Richard Laermer has some advice for all the companies rushing pell-mell into this remote future: Don’t be an idiot.

A few years ago, Laermer let the employees of RLM Public Relations work from home Fridays. This small step toward telecommut­ing proved a disaster, he said. He often couldn’t find people when he needed them. Projects languished. “Every weekend became a three-day holiday,” he said.

“I found that people work so much better when they’re all in the same physical space.”

IBM came to a similar decision. In 2009, 40 per cent of its 386,000 employees in173 countries worked remotely. But in 2017, with revenue slumping, management called thousands of them back to the office.

Even as Facebook, Shopify, Zillow, Twitter and many other companies are developing plans to let employees work remotely forever, the experience­s of Laermer and IBM are a reminder that the history of telecommut­ing has been strewn with failure.

The companies now barrelling forward run the risk of the same fate.

“Working from home is a strategic move, not just a tactical one that saves money,” said Kate Lister, president of Global Workplace Analytics. “A lot of it comes down to trust. Do you trust your people?”

Companies large and small have been trying for decades to make working from home work. As long ago as 1985, the mainstream media was using phrases like “the growing telecommut­ing movement.” Peter Drucker, the management guru, declared in 1989 that “commuting to office work is obsolete.”

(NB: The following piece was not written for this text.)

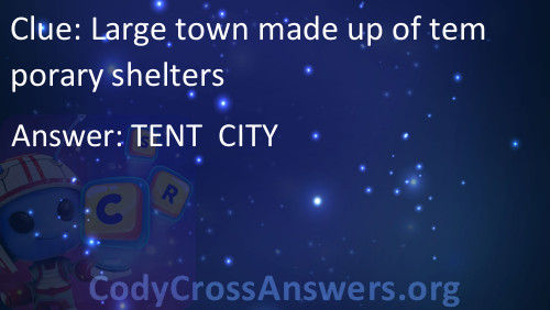 Large town made up of temporary shelters Answers

Telecommut­ing was a technology-driven innovation that seemed to offer benefits to both employees and executives. The former could eliminate everlength­ening commutes and work the hours that suited them best. Management would save on high-priced real estate and could hire applicants who lived far from the office, deepening the talent pool.

And yet many of the ventures were eventually downsized or abandoned. Apart from IBM, companies that publicly pulled back on telecommut­ing over the past decade include Aetna, Best Buy, Bank of America, Yahoo, AT&T and Reddit.

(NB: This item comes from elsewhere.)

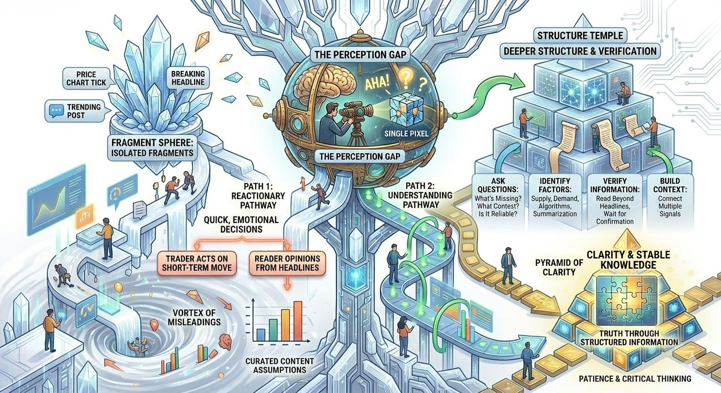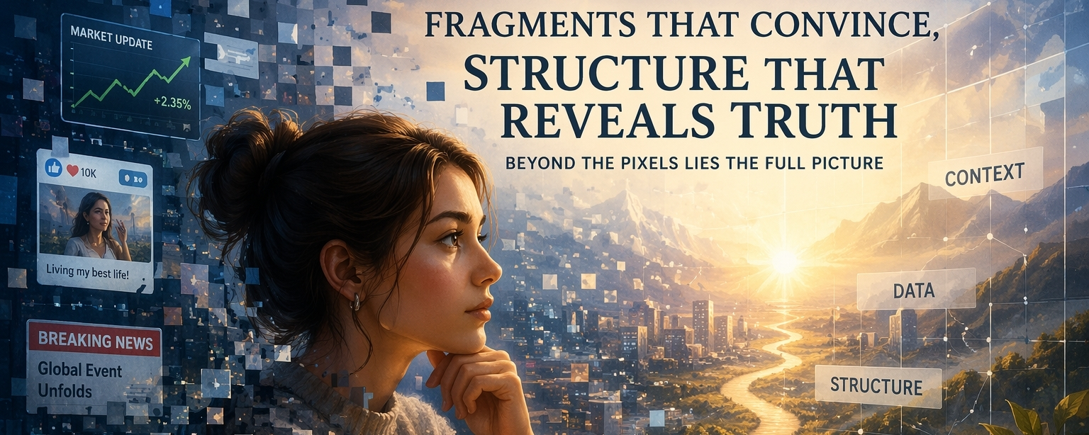 In today’s digital environments, we rarely experience reality in its full form. Instead, we see selected pieces of it—price movements on a chart, a trending post, a breaking headline. These pieces feel clear and immediate, but they are only fragments of a much larger system.

Remote employees often felt marginaliz­ed, which made them less loyal. Creativity, innovation and serendipit­y seemed to suffer.

One very public setback for remote work was at Best Buy. The original program, which drew national attention, began in 2004. It aimed to judge employees by what they accomplish­ed, not the hours a project took or the location where it was done.

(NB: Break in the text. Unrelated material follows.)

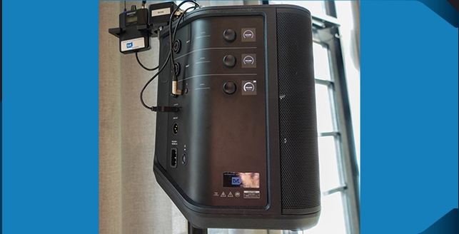 Seit vielen Jahren setzen wir für dezentrale Beschallungsaufgaben in Foyers, Cateringbereichen etc. Akkulautsprecher von BOSE ein. Dazu haben wir nun ein Gerät entwickelt, diese mit einer aus dem Akku gespeisten hochwertigen Shure Funklösung zu verbinden. So können wir unkompliziert abgesetzte Beschallungen realisieren.

Best Buy killed the program in 2013, saying it gave the employees too much freedom.

Remote workers might be free of commuting costs, but they are traditiona­lly more vulnerable. Jeffrey Gundlach, who runs Los Angeles investment firm DoubleLine Capital, said in his monthly webcast that he had started seeing his newly remote staff in a new light.

“I kind of learned who was really doing the work and who was not really doing as much work as it looked like on paper that they might have been doing,” he said. With “some of the supervisor­y, middle-management people,” he added, “I’m starting to wonder if I really need them.”